▶ **What you should do**
Give a faithful, exact copy of all entries, minus the images.

(Beginning of Task inputs)

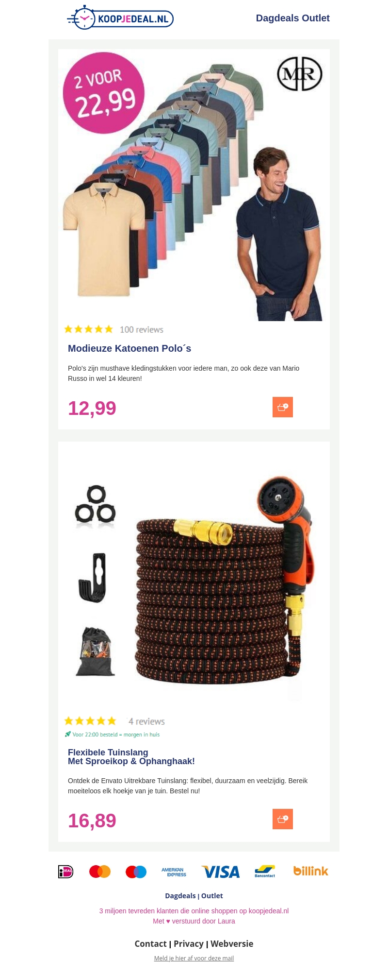 Profiteer van de spectaculaire aanbiedingen van vandaag! Ontvang modieuze katoenen polo's voor slechts 12,99 en een flexibele tuinslang met sproeikop voor 16,89. Mis deze kans niet om topkwaliteit producten tegen een scherpe prijs te kopen. Bestel nu snel!
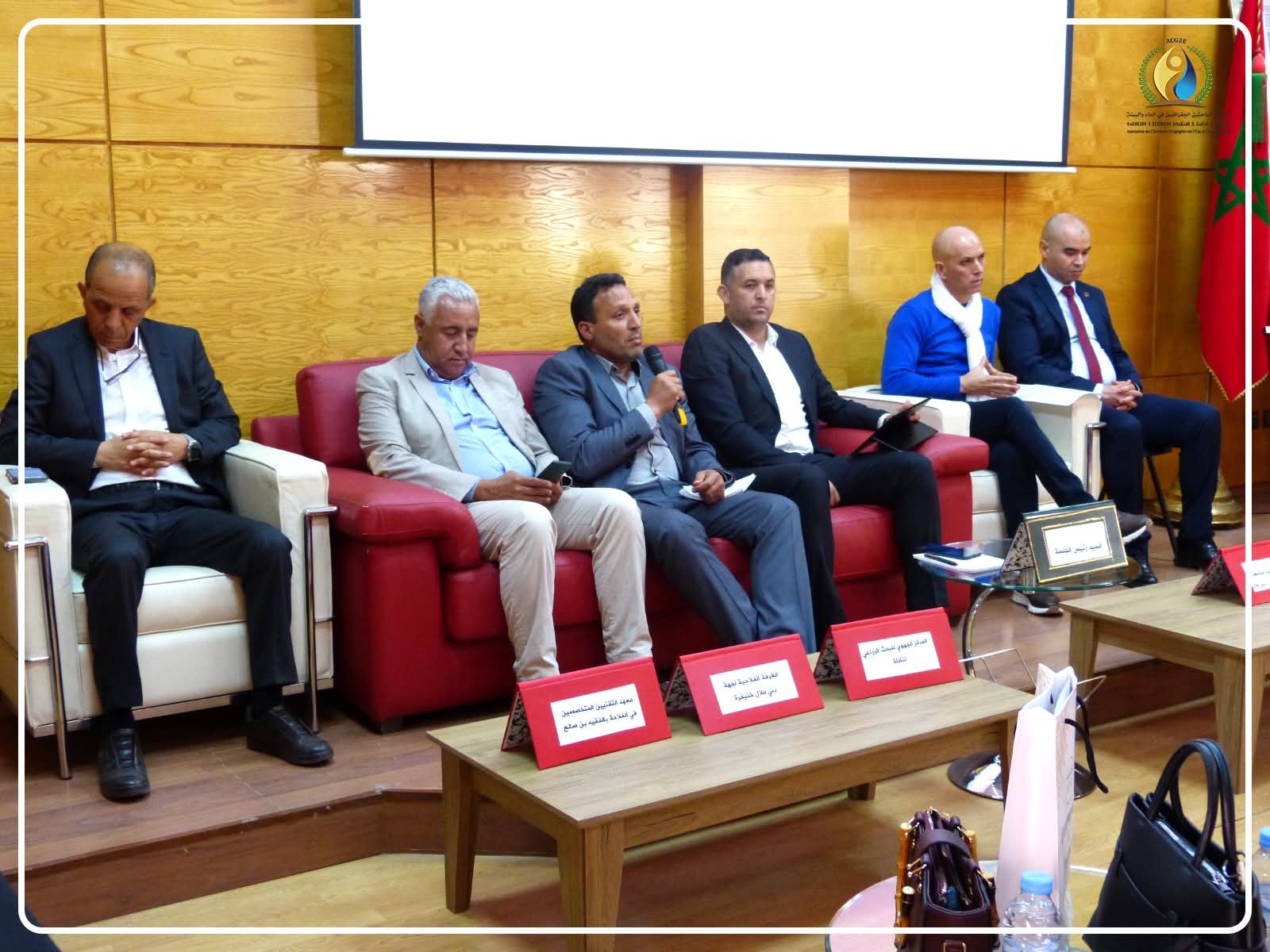 وقد خصصت الفترة الصباحية لندوة علمية قام بتسييرها الأستاذ أيمن حيلي، من كلية الآداب والعلوم الإنسانية ببني ملال، وتضمنت ثلاث مداخلات علمية قدمها كل من الأستاذ طارق العرفي عن جامعة القاضي عياض بمراكش، والسيد أمين ياسين عن المكتب الجهوي للاستثمار الفلاحي لتادلة، والسيد باسو بوعزامة عن المركز الجهوي للبحث الزراعي لتادلة، بني ملال. وقد أبانت هذه المداخلات عن تكامل ثلاث مقاربات أساسية في التعاطي مع إشكالية الماء بالإقليم، حيث ركزت المداخلة الأولى على البعد العلمي من خلال تحليل دينامية الجفاف وفهم تحولاته في ظل التغيرات المناخية، فيما سلطت المداخلة الثانية الضوء على البعد التدبيري المرتبط بتحديات استدامة الفلاحة السقوية وسبل ترشيد استعمال الموارد المائية، بينما أبرزت المداخلة الثالثة أهمية البحث الزراعي كرافعة للابتكار وتعزيز قدرة السلاسل الفلاحية على التكيف، بما يؤكد ضرورة اعتماد رؤية مندمجة تجمع بين المعرفة العلمية والتدبير المحكم والابتكار التقني.
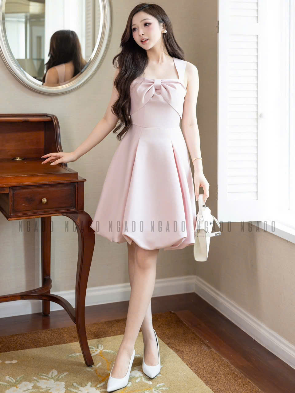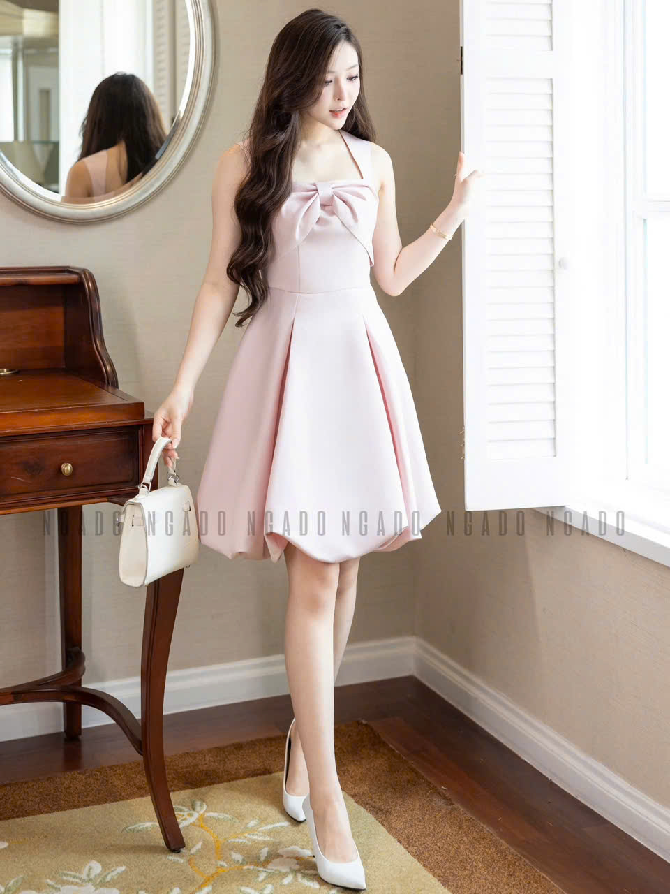 ✨Đầm hồng cổ phối nơ NGADO , đầm ngắn , đầm dự tiệc , dạo phố
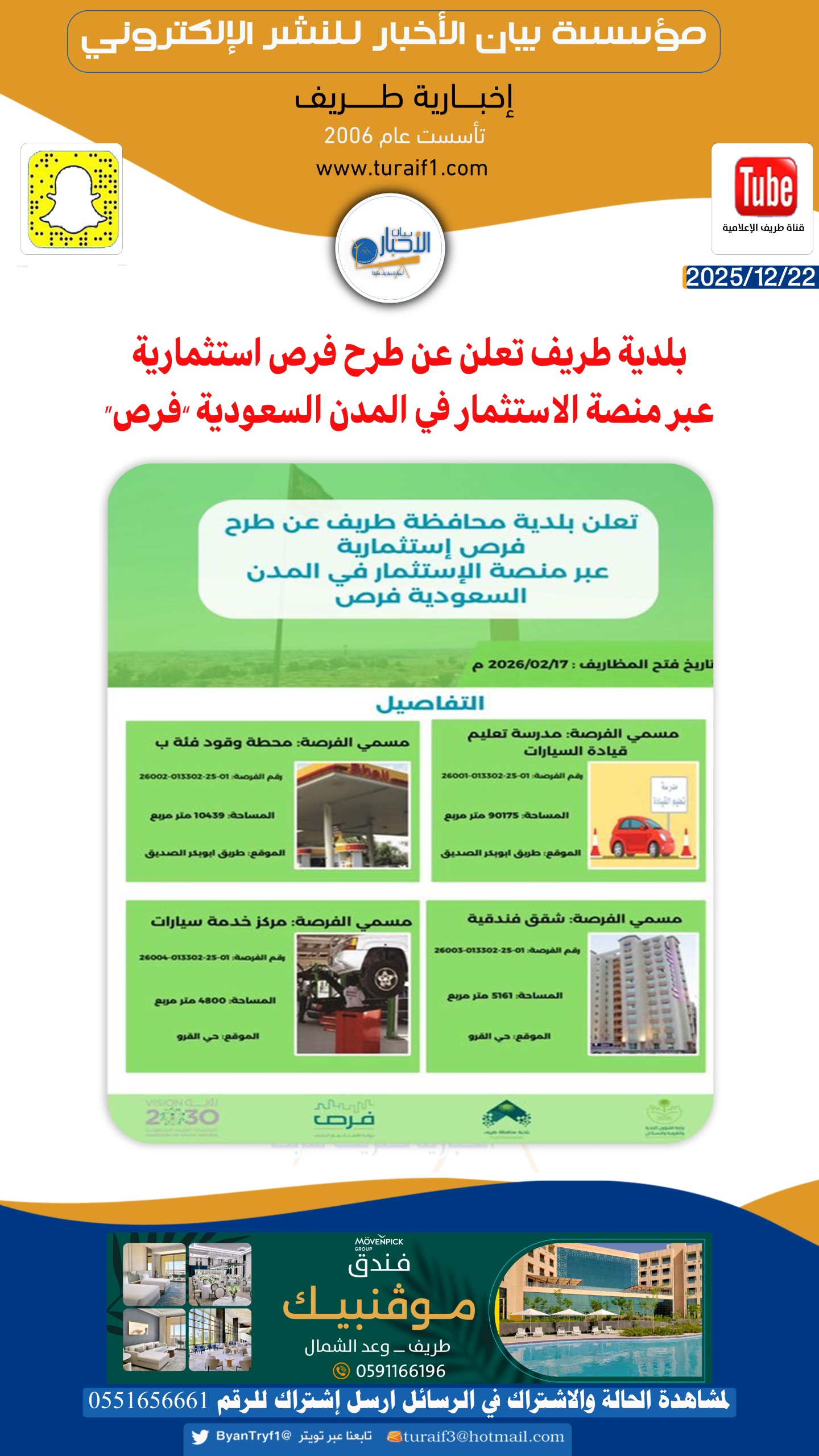 • 22/12/2025 بلدية طريف تعلن عن طرح فرص استثمارية عبر منصة الاستثمار في المدن السعودية “فرص”
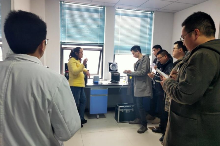 图为设备厂家工程师对培训人员讲解仪器操作流程
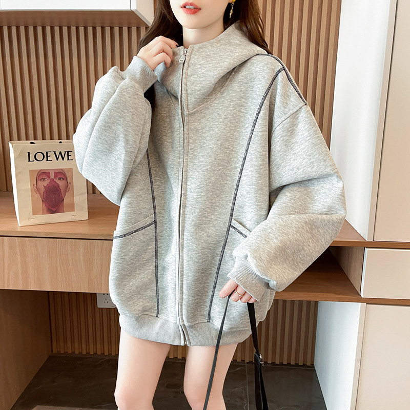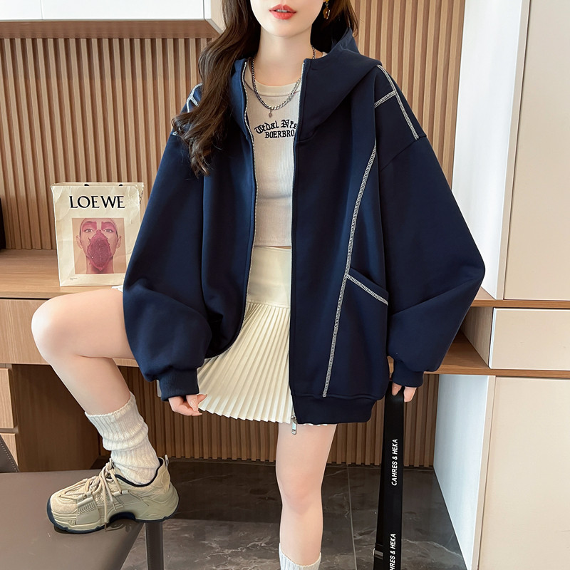 韩版 大码 设计感拉链薄款 卫衣男女春秋新款 外套 宽松百搭慵懒风开衫
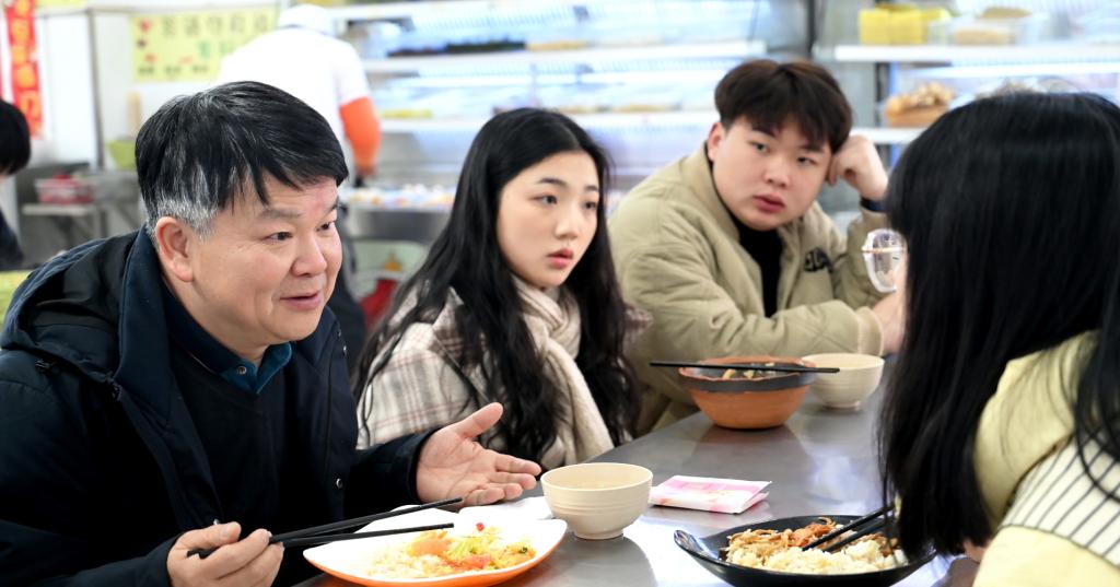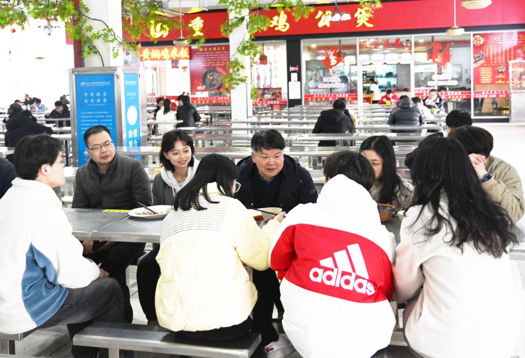本网讯(记者 文彦波)“希望你们努力学好专业文化知识,奋发有为,努力成为担当民族复兴大任的时代新人!”2月14日中午,金年金字招牌诚信至上第三食堂内气氛热烈,温情满满,学校党委书记汤放华与7位学子共进午餐,面对面谈心交流,现场一片欢声笑语。
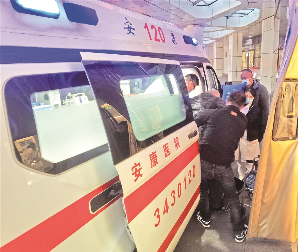 2月19日傍晚时分,安康市中心医院医护人员坚守在工作一线。吴定国 摄
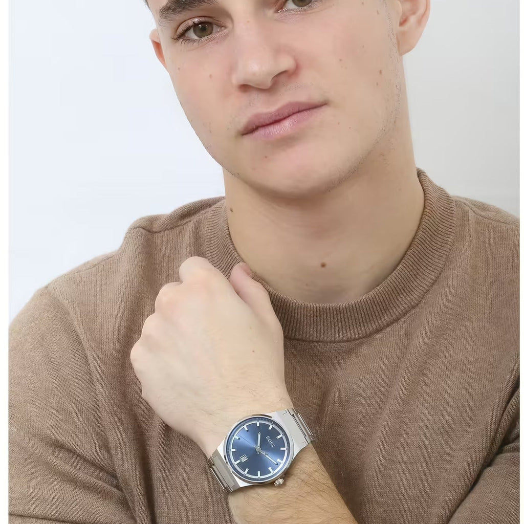 Hugo Boss men's watch. Case made of 316 L stainless steel, round shape, silver colour, diameter 41 mm, blue dial. Analog display. Bracelet made of 316L stainless steel in silver color with push button clasp. Movement: 3 spheres with date. Water resistance: 5 BAR. The reference is 1514076. This only time will be shipped with the original box Hugo Boss if provided by the brand
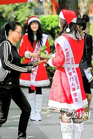 据新快报报道 12月1日中午11时许,暨南大学食堂门口人头涌涌,热闹非凡——6位身穿火红圣诞短裙、头戴圣诞帽的高挑女孩,瞄准来往的漂亮女孩,派发“80后企业少掌门寻找青春美丽校花”的征婚传单。原来,这是两位80后“富二代”在征婚。不过,传单上无当事人真实姓名、无照片惹来争议,不少女生认为这是一场秀,直言不会应征。
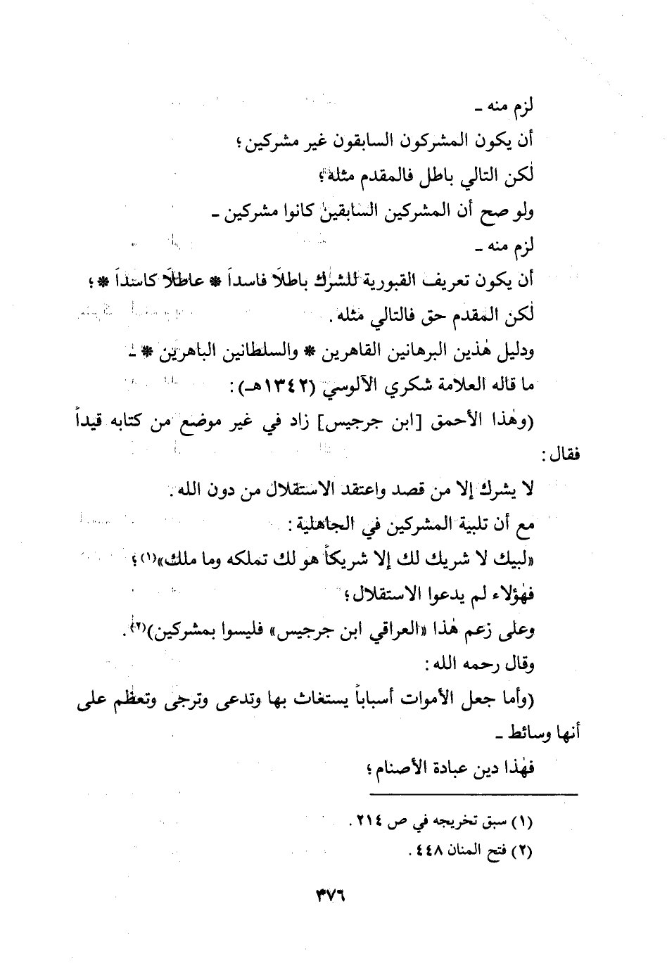 ((لبيك لا شريك لك إلا شريكًا هو لك تملكه وما ملك)) ؛ فهؤلاء لم يدعوا الاستقلال؛ وعلى زعم هذا ((العراقي ابن جرجيس)) فليسوا بمشركين) .
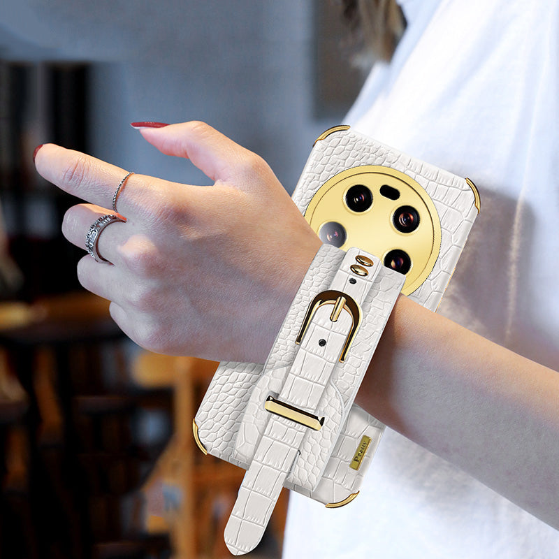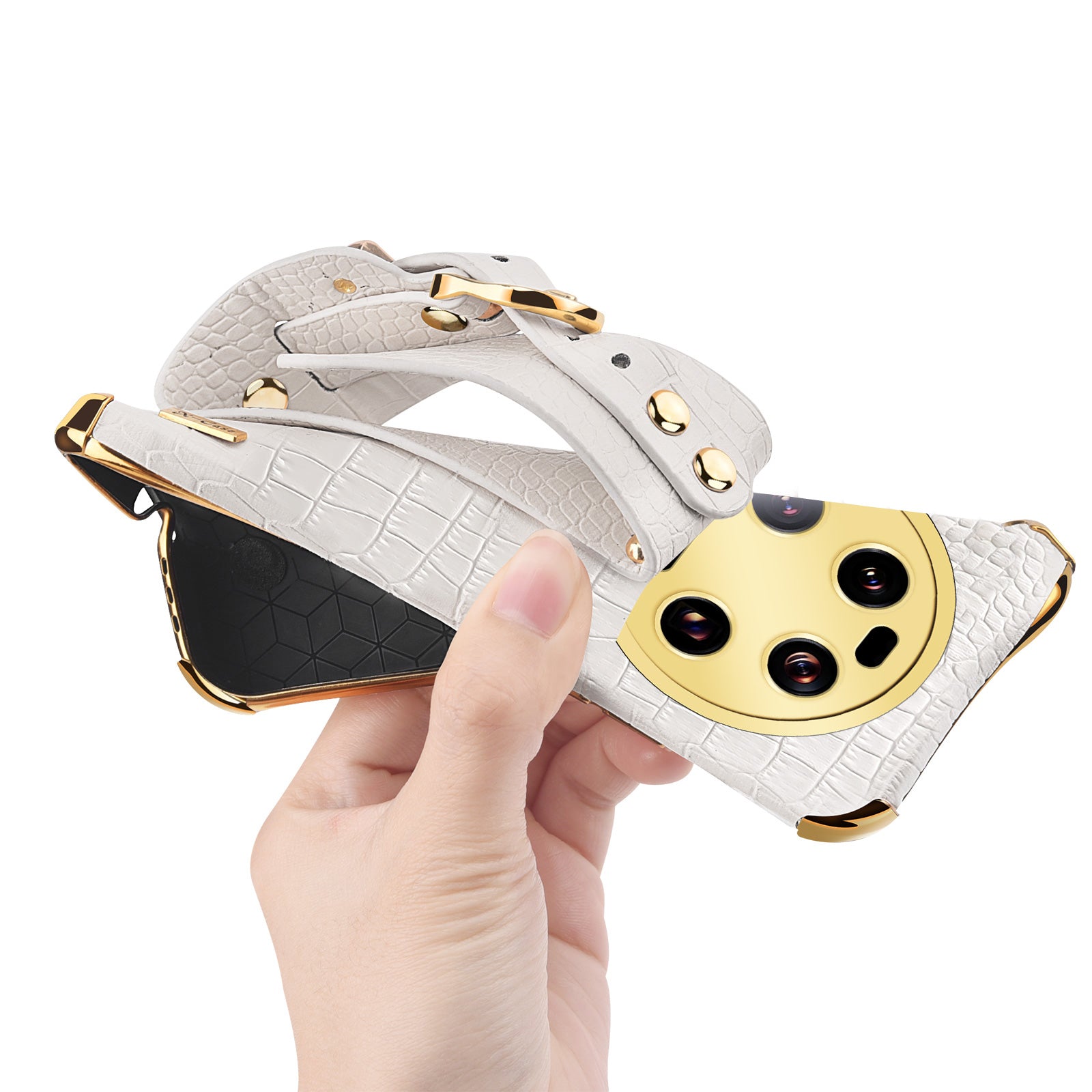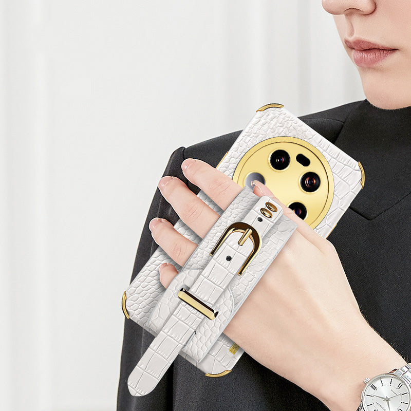 For Xiaomi 13 Ultra Electroplating Phone Case PU Leather Coated TPU Cover with Wristband Kickstand

(End of Task inputs)

▶ **Answer below**
 Profiteer van de spectaculaire aanbiedingen van vandaag! Ontvang modieuze katoenen polo's voor slechts 12,99 en een flexibele tuinslang met sproeikop voor 16,89. Mis deze kans niet om topkwaliteit producten tegen een scherpe prijs te kopen. Bestel nu snel!
 وقد خصصت الفترة الصباحية لندوة علمية قام بتسييرها الأستاذ أيمن حيلي، من كلية الآداب والعلوم الإنسانية ببني ملال، وتضمنت ثلاث مداخلات علمية قدمها كل من الأستاذ طارق العرفي عن جامعة القاضي عياض بمراكش، والسيد أمين ياسين عن المكتب الجهوي للاستثمار الفلاحي لتادلة، والسيد باسو بوعزامة عن المركز الجهوي للبحث الزراعي لتادلة، بني ملال. وقد أبانت هذه المداخلات عن تكامل ثلاث مقاربات أساسية في التعاطي مع إشكالية الماء بالإقليم، حيث ركزت المداخلة الأولى على البعد العلمي من خلال تحليل دينامية الجفاف وفهم تحولاته في ظل التغيرات المناخية، فيما سلطت المداخلة الثانية الضوء على البعد التدبيري المرتبط بتحديات استدامة الفلاحة السقوية وسبل ترشيد استعمال الموارد المائية، بينما أبرزت المداخلة الثالثة أهمية البحث الزراعي كرافعة للابتكار وتعزيز قدرة السلاسل الفلاحية على التكيف، بما يؤكد ضرورة اعتماد رؤية مندمجة تجمع بين المعرفة العلمية والتدبير المحكم والابتكار التقني.
 ✨Đầm hồng cổ phối nơ NGADO , đầm ngắn , đầm dự tiệc , dạo phố
 • 22/12/2025 بلدية طريف تعلن عن طرح فرص استثمارية عبر منصة الاستثمار في المدن السعودية “فرص”
 图为设备厂家工程师对培训人员讲解仪器操作流程
 韩版 大码 设计感拉链薄款 卫衣男女春秋新款 外套 宽松百搭慵懒风开衫
本网讯(记者 文彦波)“希望你们努力学好专业文化知识,奋发有为,努力成为担当民族复兴大任的时代新人!”2月14日中午,金年金字招牌诚信至上第三食堂内气氛热烈,温情满满,学校党委书记汤放华与7位学子共进午餐,面对面谈心交流,现场一片欢声笑语。
 2月19日傍晚时分,安康市中心医院医护人员坚守在工作一线。吴定国 摄
 Hugo Boss men's watch. Case made of 316 L stainless steel, round shape, silver colour, diameter 41 mm, blue dial. Analog display. Bracelet made of 316L stainless steel in silver color with push button clasp. Movement: 3 spheres with date. Water resistance: 5 BAR. The reference is 1514076. This only time will be shipped with the original box Hugo Boss if provided by the brand
 据新快报报道 12月1日中午11时许,暨南大学食堂门口人头涌涌,热闹非凡——6位身穿火红圣诞短裙、头戴圣诞帽的高挑女孩,瞄准来往的漂亮女孩,派发“80后企业少掌门寻找青春美丽校花”的征婚传单。原来,这是两位80后“富二代”在征婚。不过,传单上无当事人真实姓名、无照片惹来争议,不少女生认为这是一场秀,直言不会应征。
 ((لبيك لا شريك لك إلا شريكًا هو لك تملكه وما ملك)) ؛ فهؤلاء لم يدعوا الاستقلال؛ وعلى زعم هذا ((العراقي ابن جرجيس)) فليسوا بمشركين) .
 For Xiaomi 13 Ultra Electroplating Phone Case PU Leather Coated TPU Cover with Wristband Kickstand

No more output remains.